The last two days when I've woken up the first thing I think about is that they will be back at school on Monday. I'm dreading the early mornings and I'm going to miss the kids so much, I love having them around me.

Just needed to get this out.

worriermama
05-01-17, 07:25
Hi there, I understand! I have two kids, ages 15 months and 3 years. My 3 year old is in preschool. The past couple weeks he's been home for the winter vacation, and my husband has had a lot of time off work for the holidays too. My son goes back to school on Monday and I feel very similar to how you feel about it. It has been SO NICE having everyone home and being able to relax and move slowly in the mornings, stay in pajamas, have leisurely breakfasts, put on a kids movie, etc.

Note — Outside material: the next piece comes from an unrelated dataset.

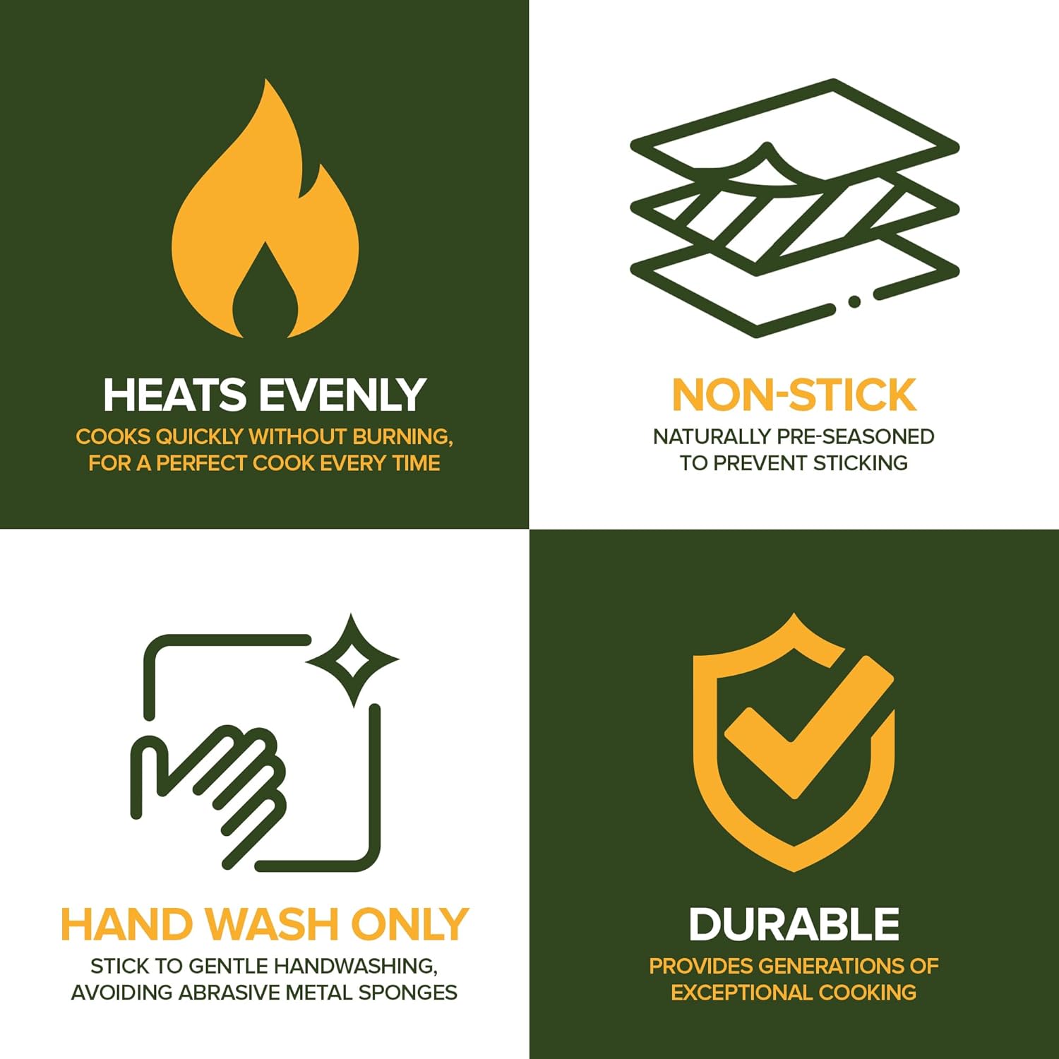 Non-Stick Convenience: Enjoy an easy to clean surface- our naturally pre-seasoned cast iron baking pan is non-stick, with even heat retention & conductivity, providing a healthy way to bake scones, brownies, cornbread, or biscuits

I'm WAY anxious in the mornings, and it's made so much worse by the mad rush to get my son dressed and fed and then get him and my husband both out the door (husband drops him at preschool, which is near his work, and I stay home with my daughter). The house is so much quieter without the boys around. Not good for an anxious mind. The school day mornings are so busy (and early) that I end up very "adrenalized" by the time they leave.

Anyway I'm sending you a big hug. I get it, I really do.

rainbow
05-01-17, 16:57
Thanks for replying,

I would keep the kids with me all the time if I could get away with it. The early mornings are awful, I really struggle with the anxiety.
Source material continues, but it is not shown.